Data shown:
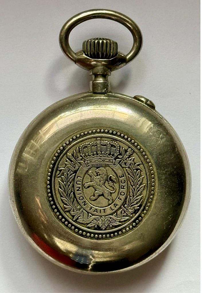 Reloj de bolsillo Belga de la marca :”Inimitable BAF” con caja lepine en níquel y cromo la cual dispone de anilla de suspensión,corona ranurada y colgante a las XII. Dispone para el sistema de cambio horario de pulsador en la carrura a las XI. La esfera es en esmalte blanco sobre cobre convexo y está dotada de indicadores hasta las 24 horas en numeración romana en esmalte negro y arabiga en esmalte rojo. Las agujas son en latón dorado estilo Luis XVI. La marca está esmaltada en rojo debajo de la indicación horaria.
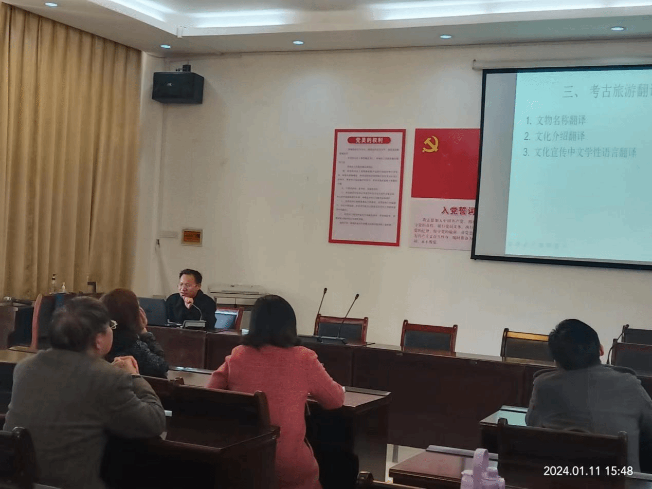 首先,廖为应副教授在“译事小叙”的讲座中介绍了他近年来经营南昌译道翻译服务有限公司时所做的科技论文、新闻外宣、考古旅游翻译等实践项目,同时也谈到了他多年翻译教学中的一些思考和感悟。
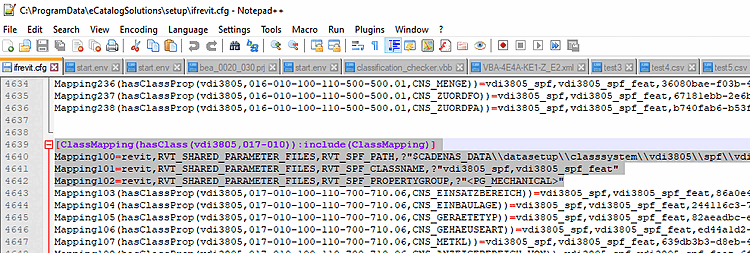 [ClassMapping(hasClass(vdi3805,017-010)):include(ClassMapping)] Mapping100=revit,RVT_SHARED_PARAMETER_FILES,RVT_SPF_PATH,?"$CADENAS_DATA\\datasetup\\classsystem\\vdi3805\\spf\\vdi3805_017_$CADENAS_LANGUAGE.txt" Mapping101=revit,RVT_SHARED_PARAMETER_FILES,RVT_SPF_CLASSNAME,?"vdi3805_spf,vdi3805_spf_feat" Mapping102=revit,RVT_SHARED_PARAMETER_FILES,RVT_SPF_PROPERTYGROUP,?"<PG_MECHANICAL>"

Exercise directions:
Your response must reproduce every line of the data exactly, with images omitted.

Written reply:
 Reloj de bolsillo Belga de la marca :”Inimitable BAF” con caja lepine en níquel y cromo la cual dispone de anilla de suspensión,corona ranurada y colgante a las XII. Dispone para el sistema de cambio horario de pulsador en la carrura a las XI. La esfera es en esmalte blanco sobre cobre convexo y está dotada de indicadores hasta las 24 horas en numeración romana en esmalte negro y arabiga en esmalte rojo. Las agujas son en latón dorado estilo Luis XVI. La marca está esmaltada en rojo debajo de la indicación horaria.
 首先,廖为应副教授在“译事小叙”的讲座中介绍了他近年来经营南昌译道翻译服务有限公司时所做的科技论文、新闻外宣、考古旅游翻译等实践项目,同时也谈到了他多年翻译教学中的一些思考和感悟。
 [ClassMapping(hasClass(vdi3805,017-010)):include(ClassMapping)] Mapping100=revit,RVT_SHARED_PARAMETER_FILES,RVT_SPF_PATH,?"$CADENAS_DATA\\datasetup\\classsystem\\vdi3805\\spf\\vdi3805_017_$CADENAS_LANGUAGE.txt" Mapping101=revit,RVT_SHARED_PARAMETER_FILES,RVT_SPF_CLASSNAME,?"vdi3805_spf,vdi3805_spf_feat" Mapping102=revit,RVT_SHARED_PARAMETER_FILES,RVT_SPF_PROPERTYGROUP,?"<PG_MECHANICAL>"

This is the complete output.